»»

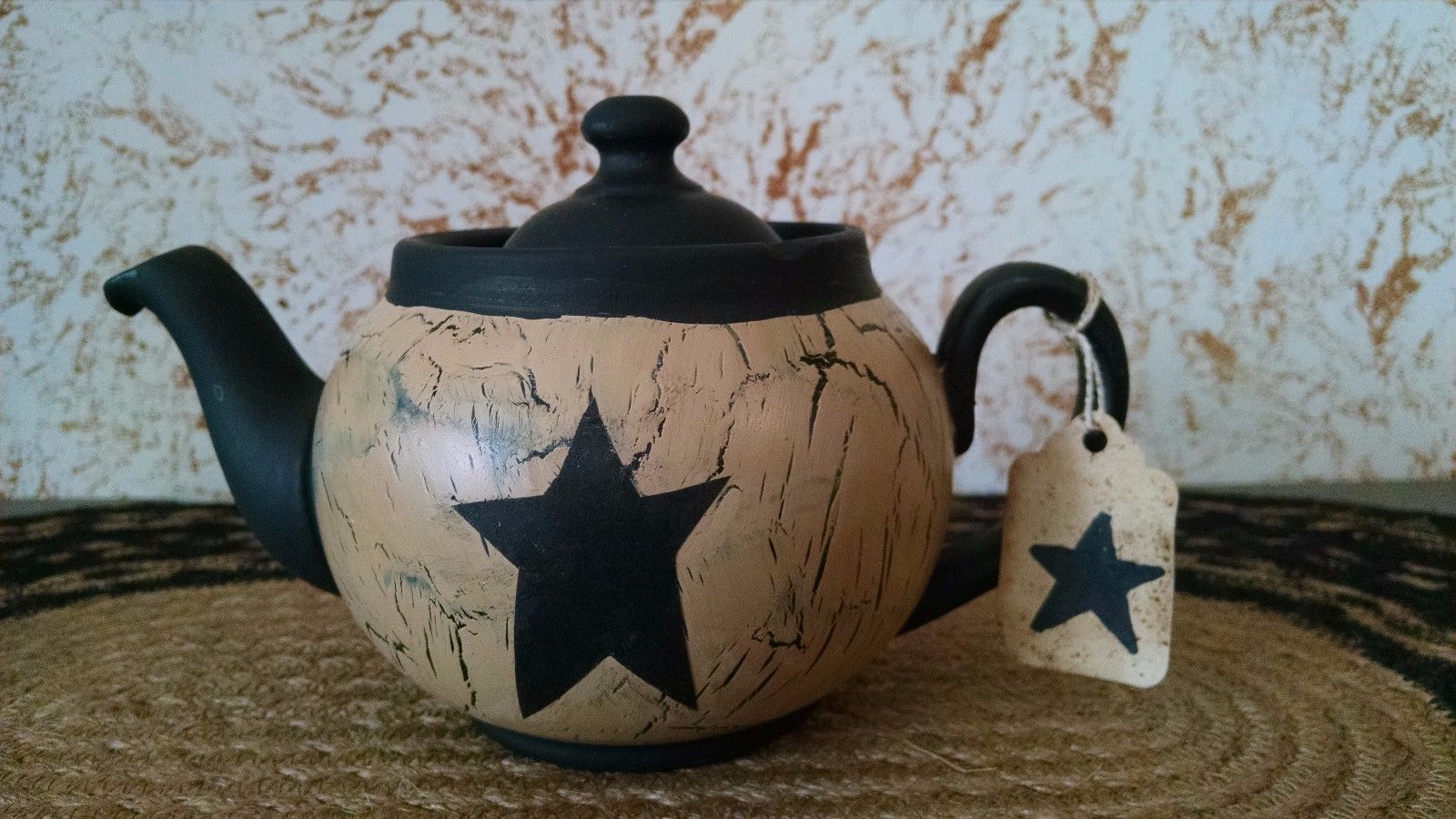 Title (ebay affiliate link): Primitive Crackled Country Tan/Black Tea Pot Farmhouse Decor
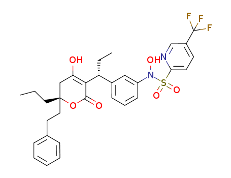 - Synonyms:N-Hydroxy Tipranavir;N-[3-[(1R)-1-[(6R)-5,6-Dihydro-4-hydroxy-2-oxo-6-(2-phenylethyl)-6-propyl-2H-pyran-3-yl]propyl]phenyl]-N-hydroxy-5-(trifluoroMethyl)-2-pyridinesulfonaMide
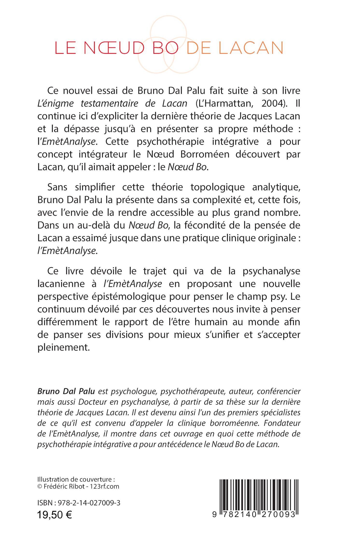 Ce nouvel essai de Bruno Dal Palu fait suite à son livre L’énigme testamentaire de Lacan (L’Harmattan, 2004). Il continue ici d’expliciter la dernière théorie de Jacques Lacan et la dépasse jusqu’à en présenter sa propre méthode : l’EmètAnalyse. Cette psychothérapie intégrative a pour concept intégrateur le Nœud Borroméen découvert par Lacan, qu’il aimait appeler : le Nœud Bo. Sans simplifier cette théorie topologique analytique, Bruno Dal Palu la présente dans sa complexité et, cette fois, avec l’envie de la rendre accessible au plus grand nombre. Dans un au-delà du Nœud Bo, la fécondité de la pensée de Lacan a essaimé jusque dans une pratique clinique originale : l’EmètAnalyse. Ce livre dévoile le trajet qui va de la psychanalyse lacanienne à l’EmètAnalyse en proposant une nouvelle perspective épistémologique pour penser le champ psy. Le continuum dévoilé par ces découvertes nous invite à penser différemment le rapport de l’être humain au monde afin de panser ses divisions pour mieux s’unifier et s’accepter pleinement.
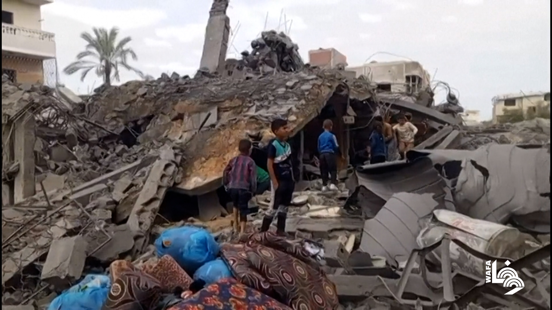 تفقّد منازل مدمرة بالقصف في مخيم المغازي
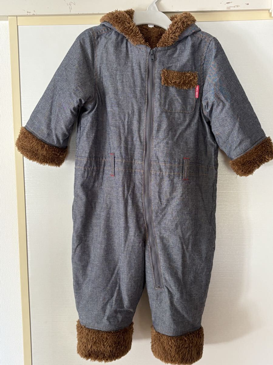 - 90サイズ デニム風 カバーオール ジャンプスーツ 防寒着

««

◆ Exercise prompt
With the pictures left out, output the lines from the one containing "تفقّد منازل مدمرة بالقصف في مخيم المغازي" through the last line of the records above, exactly as they are.

◆ Response
 تفقّد منازل مدمرة بالقصف في مخيم المغازي
 - 90サイズ デニム風 カバーオール ジャンプスーツ 防寒着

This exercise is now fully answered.